Ever since my round of debates with the “logical vegan” community, mainly a YouTuber named Ask Yourself, aka Isaac, I have been thinking a lot about the nature of morality. One aspect I find particularly interesting as of late is the relationship between disgust and morality.

Some of you I’m sure will already be familiar with the work of Jonathan Haidt.  While several papers have been written casting doubt on the links between morality and disgust, often arguing that this is a false equivalence, that moral disgust is a categorically different type of disgust than the physiological response you may feel when you see and smell something like vomit, a new recent paper adds fascinating insight to the debate.

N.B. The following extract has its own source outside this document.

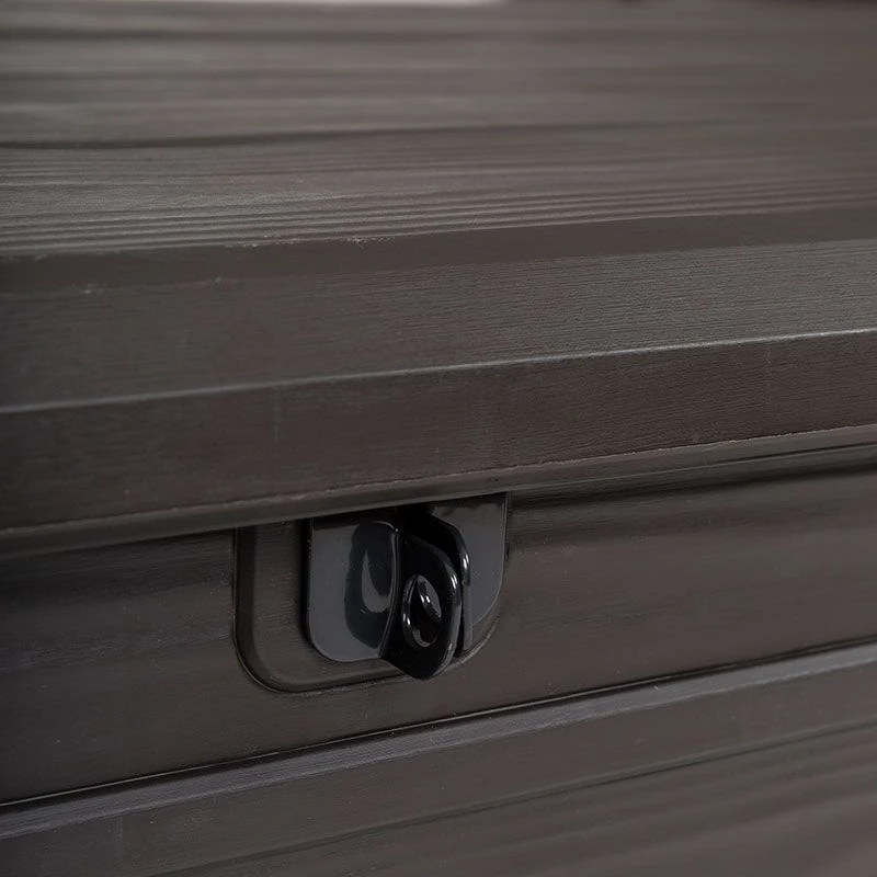 You can gain easy access to the storage boxβs generous 454-litre capacity via a piston-assisted lid, while a catch and padlock fixing give you peace of mind that your valuable items are safe from unwanted attention (padlock not included). Finger recesses are found at either end of the deck box to help you safely manoeuvre it around the garden.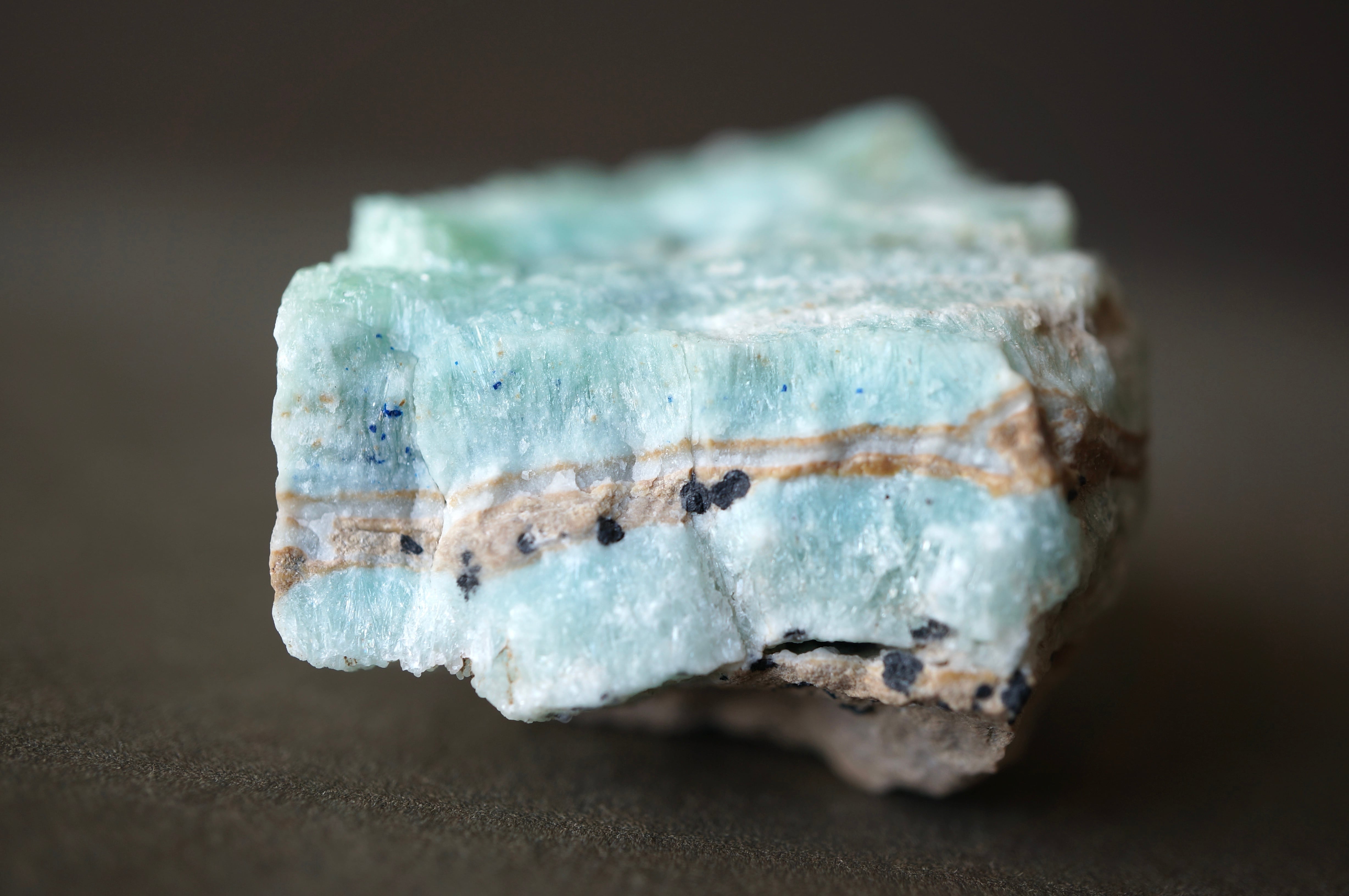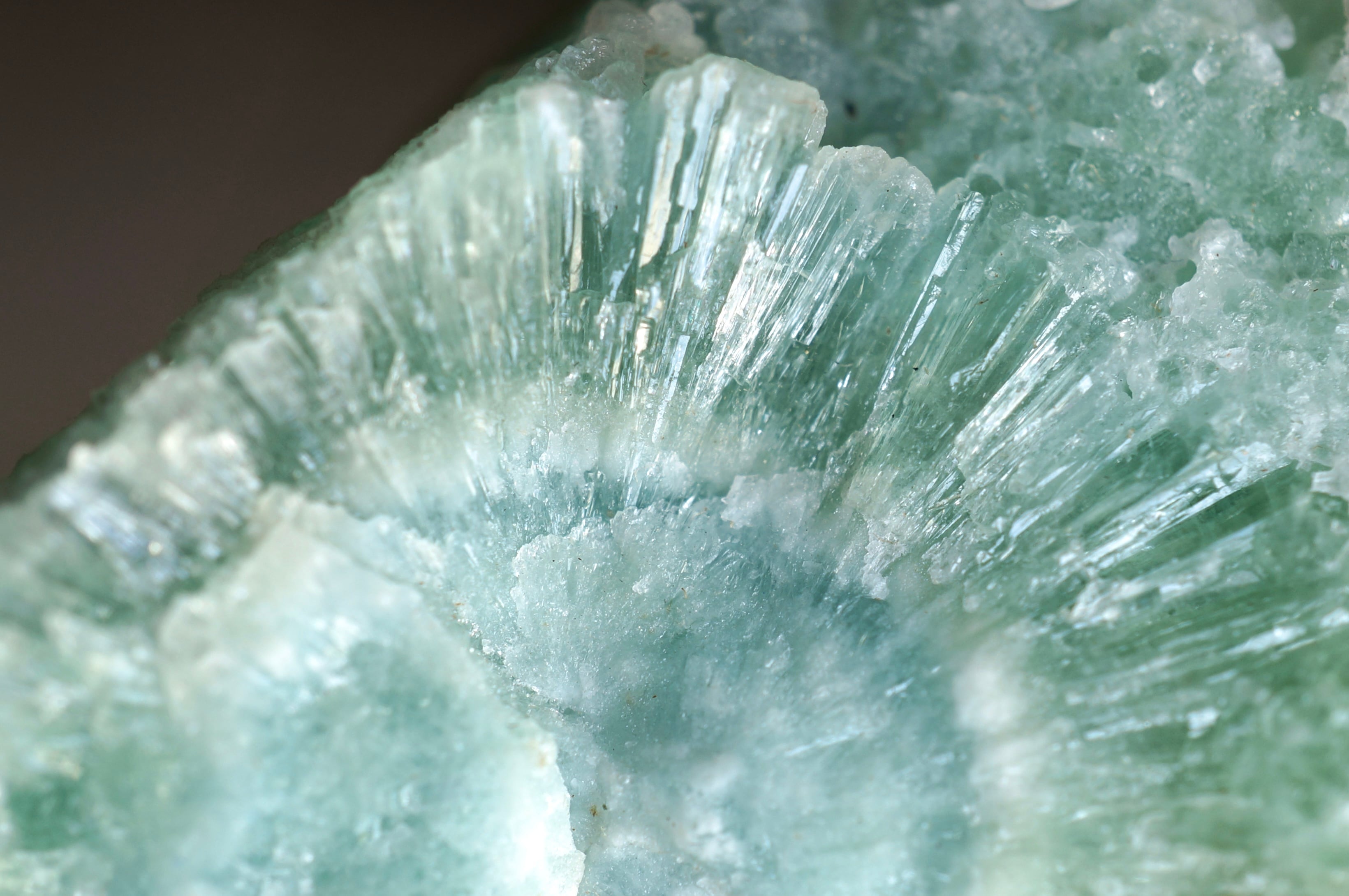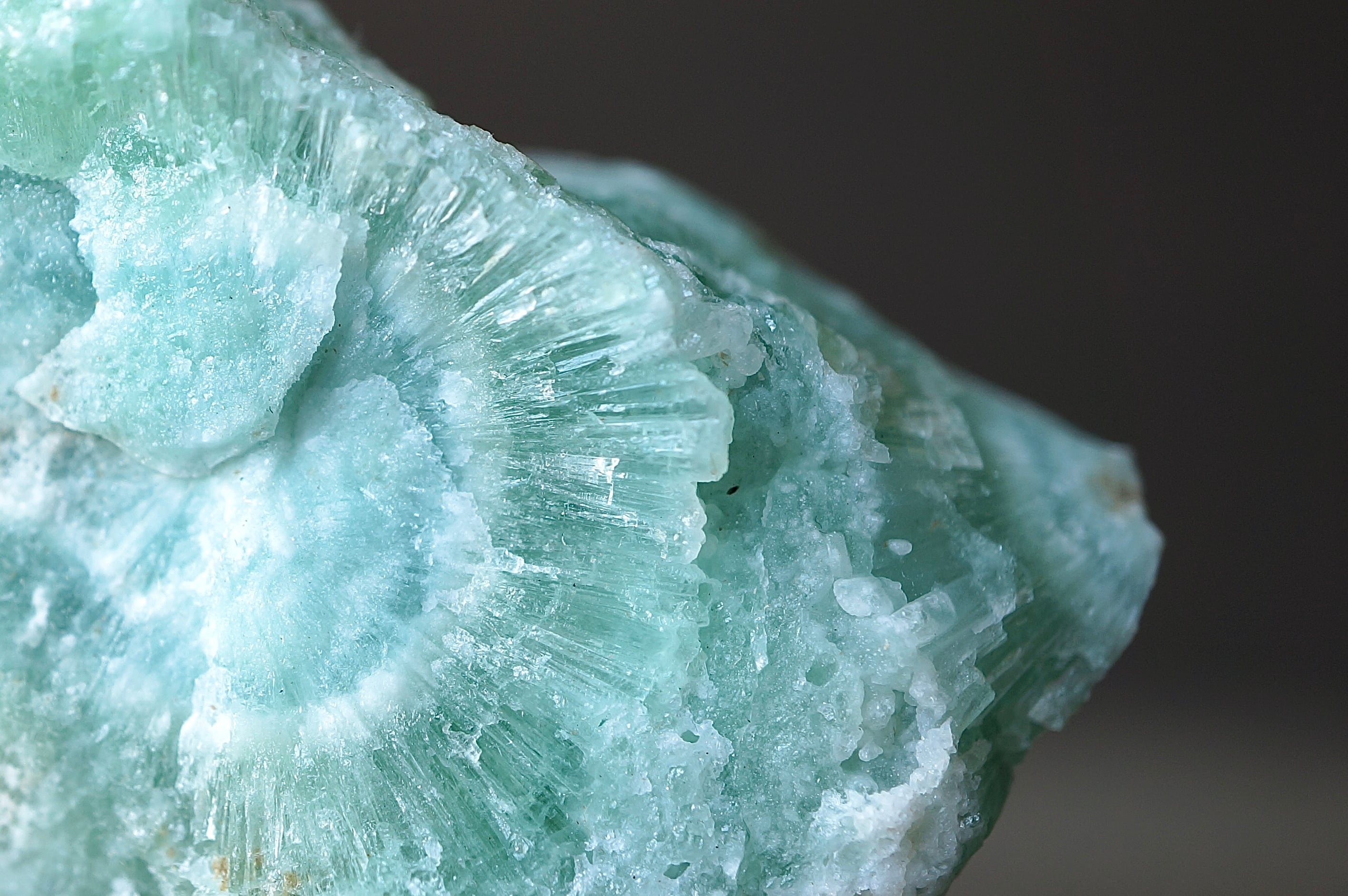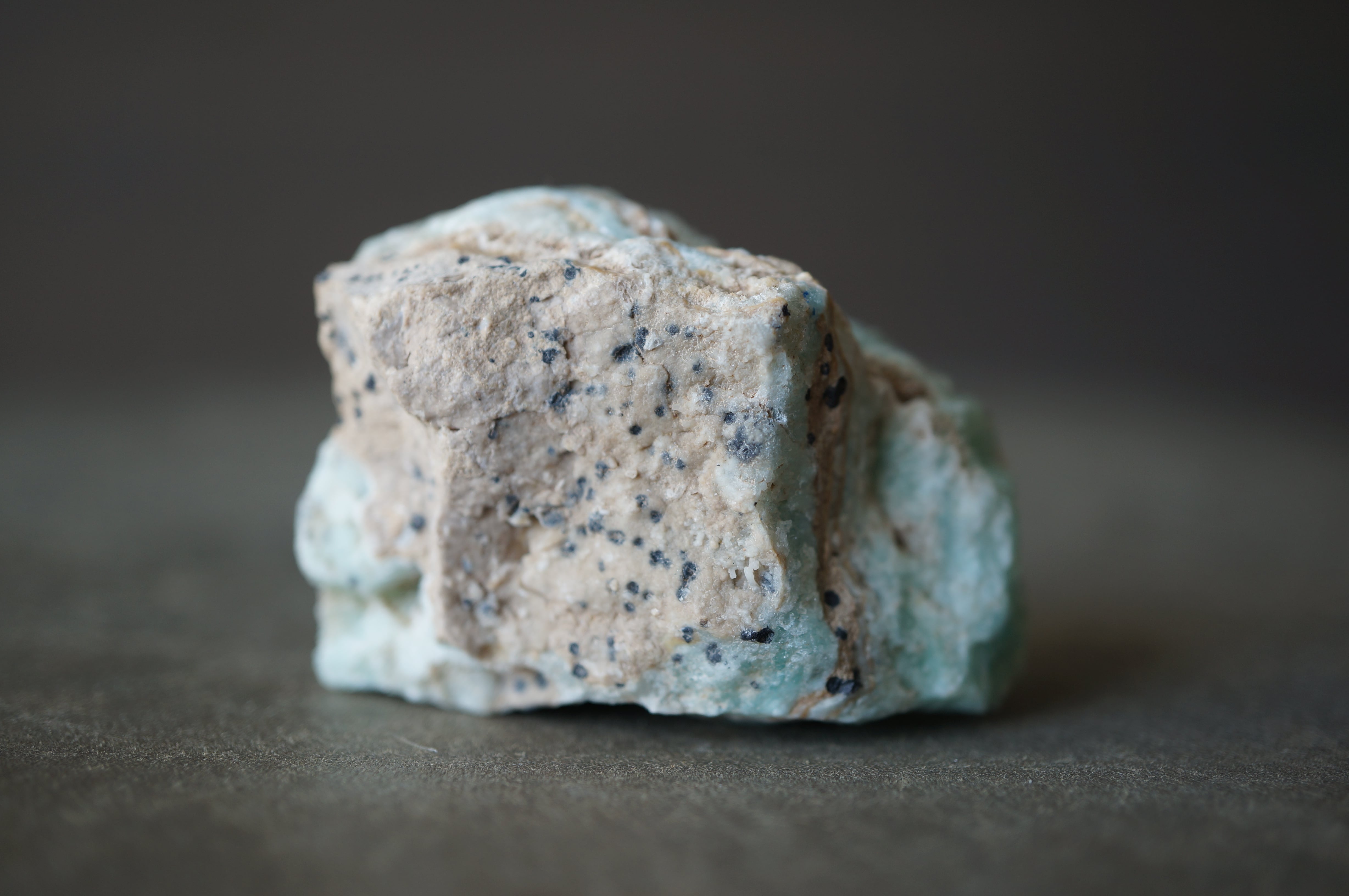 ブルーアラゴナイトのやわらかな淡青緑の発色は、銅イオンを含むことで生じるとされ、青磁を思わせるような静謐な色彩が全体を包みます。

Published this year and titled The physiological basis of psychological disgust and moral judgments and published in the Journal of Personality and Social Psychology, researchers found that ginger, which can be used to reduce the nauseous reaction you may feel towards bodily fluids, can have the same mitigating effect on your moral judgements towards impure ideas such as incest, allowing the researchers to conclude: “findings provide the first evidence that psychological disgust can be disrupted by an antiemetic and that doing so has consequences for moral judgments.”

The idea that something as innocuous as ginger can be used to lower your moral judgment is both fascinating and, when I ponder the long term implications of where this research may lead, at least mildly terrifying. Interestingly, ginger has a long and storied history as an aphrodisiac, leaving me to wonder if the reason for this categorization is actually based on its inhibition reducing properties. Sort of like alcohol but without the whiskey dick.

It’s not clear if there is a real cause for concern here, but one thing is certain. If your sister or mom cooks you a heavily ginger laden dish, you should proceed with caution lest you wind up accidentally eating their ass.